E  ->  E '+' E  |  E '*' E  |  'n'

The input n+n+n can be parsed as (n+n)+n or n+(n+n), and the input n+n*n can be parsed as (n+n)*n or n+(n*n). A parser for general context free grammars can produce a parse forest that contains all the ways of parsing an input string. However, in practice we only want one parse tree, selected according to precedence and associativity rules. Parser generators support disambiguation rules to specify which parse tree you want by filtering out the trees that you don’t want. This becomes more complicated when prefix operators and if-then/if-then-else is involved. You end up filtering out all parse trees if the filtering rules are too strict, and you still end up with multiple parse trees if they are too loose. By carefully crafting the filtering mechanism you can make sure that you end up with one parse tree, but you may have to look arbitrarily deeply into a parse tree to figure out whether it should be filtered out. The article Towards Zero-Overhead Disambiguation of Deep Priority Conflicts by Luís Eduardo de Souza Amorim, Michael J. Steindorfer and Eelco Visser shows how to efficiently implement those rules in an SGLR parser, by passing a bitfield up the parse tree as it is being constructed. This bitfield stores which kind of nodes are in left- and rightmost spines of that parse tree, which determines which parents are allowed.

In this post I’ll investigate an alternative way to do disambiguation that is based on disambiguating individual unions A | B and sequential compositions A B in the grammar, rather than filtering certain tree patterns out of a parse forest.

The union A | B will produce ambiguity whenever there is an input that can be parsed by both A and B. This is easily resolved by introducing a left-biased choice A / B that will try A first and only try B if A fails. This is functionally identical to a precedence filter that filters out B-trees in favour of A-trees. The difference is our perspective: we think of A / B as an unambiguous version of A | B, rather than as a filter that filters a parse forest.

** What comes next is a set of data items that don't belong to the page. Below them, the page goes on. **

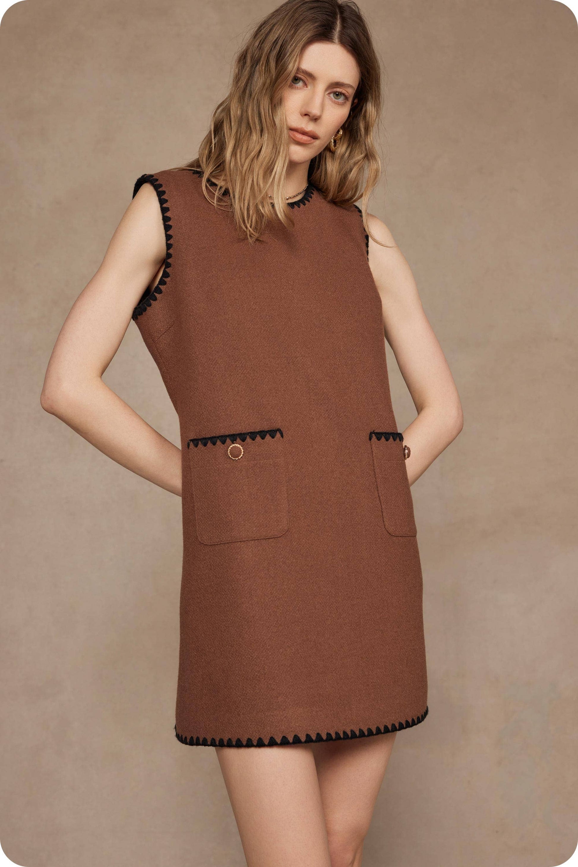 Studio Strut and Bolt Collection. Sleeveless contrast embroidery detail mini dress in boucle fabric. This timeless chic dress features embroidered edge detail throughout, front pockets, vintage-inspired buttons, round neckline, and a tailored silhouette.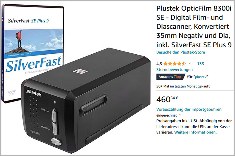 Filmscanner Plustek OpticFilm 8300i mit SilverFast SE Plus 9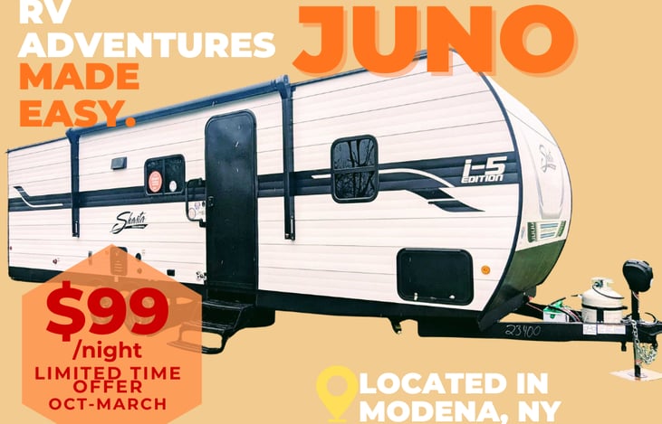 Looking for the perfect travel trailer for your next getaway? Meet Juno, our brand-new Shasta i5 Edition 526DB Bunkhouse, fully loaded and ready for adventure. Whether you're planning a weekend retreat or a full-on road trip, Juno delivers space, comfort, and style for up to 10 guests.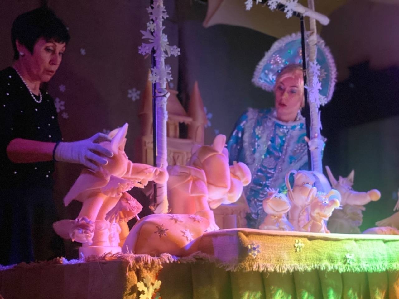 После спектакля ребятишек и их родителей ждет интермедия с дедом Морозом и Снегурочкой, а также небольшой подарок.

The sequential composition A B can also produce ambiguity. For example, if A = B = 'x' | 'xx' | 'xxx' then the string xxxx can be parsed as (x)(xxx) or (xx)(xx) or (xxx)(x). There is ambiguity about how much of the string is parsed by A and how much by B. Hence we introduce right-biased sequential composition A > B, which always parses as much as possible with A, and left-biased sequential composition A < B, which always parses as much as possible with B. The string xxxx will be parsed as (xxx)(x) by A > B and as (x)(xxx) by A < B.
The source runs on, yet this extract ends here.